6point6 Prep Document
6point6 Prep Document
6point6 Prep Document
Data manipulation
Data manipulation is quite simple as it is the changing of data. This form of attack
is used by criminal elements or other threat actors to compromise the integrity of
the bank’s ability to do business with both individual customers and other’s
businesses, such as shops. This type of data manipulation shall be referred to as
hostile data manipulation
Common ways data manipulation can be used to harm banks is by various means
as while the out-right stealing of data is easily noticed, data manipulation is not so
easily noticed. But this means that potentially it can cause more damage as data
manipulation could impact not only short-term operations but long-term as well by
potentially changing the course of the impacted bank. And if it is caused, the data
manipulation is treated as a violation of GDPR, leading to large fines, with the
average data breach in the UK being 3.33 million pounds.
A common way for data manipulation to occur is often from former employee who
might have taken dismissal poorly, as happened with tesla in 2018, where an
employee both stole and sabotaged gigabytes of tesla data.
Countering CSRF
Since CSRF can bypass the most common cyber-security methods, a more tailored
method will be needed, this is called synchroniser token method. But before this is
done, you use a CSRF scanner to see if the website in question is vulnerable to
CSRF.
Synchroniser token is done by the following:
- The web server generates a token and stores it.
- The token is set as a hidden form
- The form is submitted by the user.
- The token is included in the POST request data
- The application/website will compare its own token with the one sent in the
request.
- If the tokens match, the request is considered valid, if they don’t the request
is rejected.
Banking Trojans
Banking trojans are pieces of malware that attempts to steal financial information
from a financial institution or steal individual’s credentials. This is done by
attempting to spoof a website of the victim's bank.
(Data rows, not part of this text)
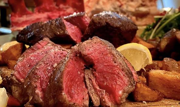 - 非常有情调啊,点了一份牛排,也是挺不错的,里面挺嫩的,还粉红色的呢
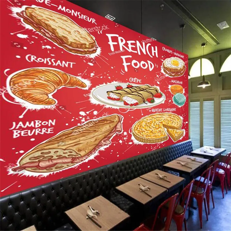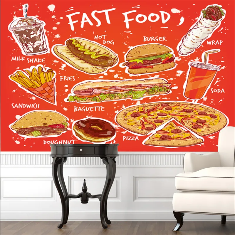 Изготовленная на заказ ручная работа десятка классических европейских и американских продуктов быстрого питания настенная бумага для ресторана снэк-бар настенная бумага 3D
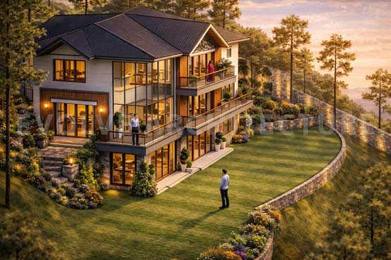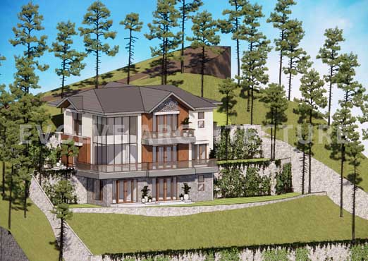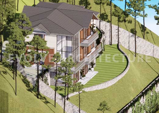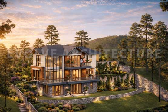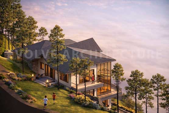 Perched gently on the hillside, the luxury villa is envisioned as a blissful second home retreat that celebrates the serenity of the mountains. Designed with extreme care and sensitivity to the local ecosystem, the villa is carefully planned to preserve existing trees and minimize disturbance to the natural terrain.
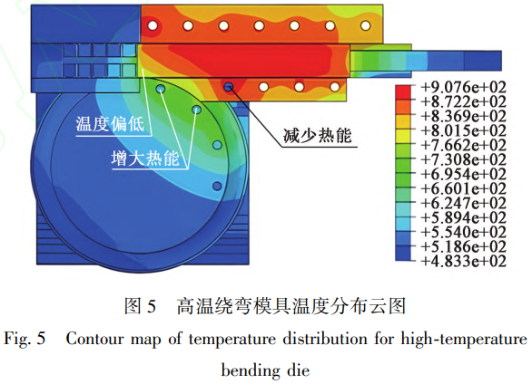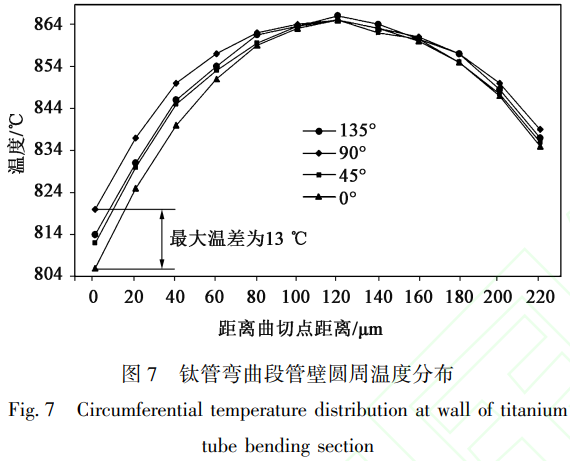 (3)有限元數值模擬可有效預測模具溫度分布狀態,驗證模具溫度能否滿足鈦管成形要求,大幅減少物理實驗的迭代次數。通過測試表明,模具溫度分布滿足薄壁鈦管高溫繞彎工藝要求,鈦管彎曲段管壁圓周的溫度均勻性控制在要求范圍內。

They are delivered and function
like normal trojans.
Once these banking trojans have control over one or more of your customers'
accounts, there could be no end to what could happen without immediate
intervention, from draining the accounts of all funds to using them for illegal
purposes or to launder money.
These theoretical scenarios have come true with the Gozi/RATBANK and
Sharkbots incidents in 2015 and 2021, respectfully.
Gozi was a key piece of the framework for e-payment and commerce, which had
its source code leaked, which led to a multitude of accounts being comprised, some
of whom had as 1.5 million euros. Due to the criminal's ability to not only navigate
the internal banking systems and evade much of the 2FA used for authentication
and a host of phishing schemes, they were able to take over and control over 200
identified accounts.
Sharkbots was the name given to an Android-based banking trojan, which was able
to initate money transfer via the ATS (Automatic Transfer Systems), and able to
bypass MFA (Multifactor Authentication). It also had the capability to commence
overlay attacks, stealing both login information and credit card info, as well as hide
and suppress legitimate communication from the actual bank.